You, sir, are indeed the KING! :notworthy::notworthy::notworthy:


----------



## jcallaham (Dec 13, 2009)

Good report GK


----------



## squirrel (Mar 19, 2012)

GROUPERKING said:


> Well, I met a fella on vacation from Louisiana with his family yesterday. He was pretty interested in what he needed to do , to catch a pompano. So he picked my brain and watched me fish. As I was getting ready to leave he came back with some store bought pomp rigs and shrimp. I showed him the rod I caught and wished him luck, and told him that I probably will see him Tuesday. While I was setting out my rods this morning ,this a lady from the condo that I was fishing in front of walks up and ask if my name is Russ. I told her it was, and she said that yesterday afternoon , she was telling Mike "my new buddy " how her son had lost his rod on the beach the day before, when a fish pulled over his sand spike and took his rod into the water. Mike told her that I caught it and would probably be back in the morning. She said that I could sure make a little boy happy if I could hook him up with his pole. I told her certainly, but that I had thrown away the reel ,due to bearing damage, but the rod cleaned up fine. I told her all she had to do is buy a new reel. She then asked if I was coming back any more this week, I told her that I'd probably be back Thursday. She asked if I could bring the reel then. I told her I'd get it out of the trash can and bring it. She thanked me, but I could tell that she was disappointed. Later this morning when Mike came down he told me about the boy losing his rod and I told him that I had just talked to the kid's mom. He then told me that the family had 6 or 7 kids and was staying in the condo as guest and he didn't think that they could afford to replace the reel. So I guess I'm buying a reel to take with me Thursday. Oh yeah I almost forgot, Mike caught his first 2 pompano after I left yesterday. He was pretty pumped up about it , and thanked me for helping to make that possible.

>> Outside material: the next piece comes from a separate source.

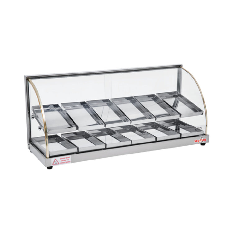 The Skyfood Equipment FWDE2-37 Economy Line Heated Deli Display Case Countertop is a commercial-grade food presentation unit designed for countertop use in foodservice operations. Featuring a curved front glass design and a polished stainless steel frame, this display case provides excellent visibility and durability. Equipped with two adjustable shelves and included stainless steel trays, it facilitates efficient hot food display and service. The thermostatic controls enable precise temperature regulation, ensuring food safety and quality. At 36-5/8 inches wide with a 500-watt heating system operating on 110V/60Hz single-phase power, it is suitable for mid-volume restaurant, cafeteria, and catering environments requiring reliable heat retention and easy access for staff.

Nice going Russ! I'll be down to Ft Morgan in a few weeks. Maybe we'll meet then.


----------



## Sunshine17 (Dec 11, 2009)

GROUPERKING said:


> Well, I met a fella on vacation from Louisiana with his family yesterday. He was pretty interested in what he needed to do , to catch a pompano. So he picked my brain and watched me fish. As I was getting ready to leave he came back with some store bought pomp rigs and shrimp. I showed him the rod I caught and wished him luck, and told him that I probably will see him Tuesday. While I was setting out my rods this morning ,this a lady from the condo that I was fishing in front of walks up and ask if my name is Russ. I told her it was, and she said that yesterday afternoon , she was telling Mike "my new buddy " how her son had lost his rod on the beach the day before, when a fish pulled over his sand spike and took his rod into the water. Mike told her that I caught it and would probably be back in the morning. She said that I could sure make a little boy happy if I could hook him up with his pole. I told her certainly, but that I had thrown away the reel ,due to bearing damage, but the rod cleaned up fine. I told her all she had to do is buy a new reel. She then asked if I was coming back any more this week, I told her that I'd probably be back Thursday. She asked if I could bring the reel then. I told her I'd get it out of the trash can and bring it. She thanked me, but I could tell that she was disappointed. Later this morning when Mike came down he told me about the boy losing his rod and I told him that I had just talked to the kid's mom. He then told me that the family had 6 or 7 kids and was staying in the condo as guest and he didn't think that they could afford to replace the reel. So I guess I'm buying a reel to take with me Thursday. Oh yeah I almost forgot, Mike caught his first 2 pompano after I left yesterday. He was pretty pumped up about it , and thanked me for helping to make that possible.


 That's awesome. Cant wait to hear how the kid reacts. Maybe buy him a mallet too his spike doesn't fall over again. HAHA :thumbup:


----------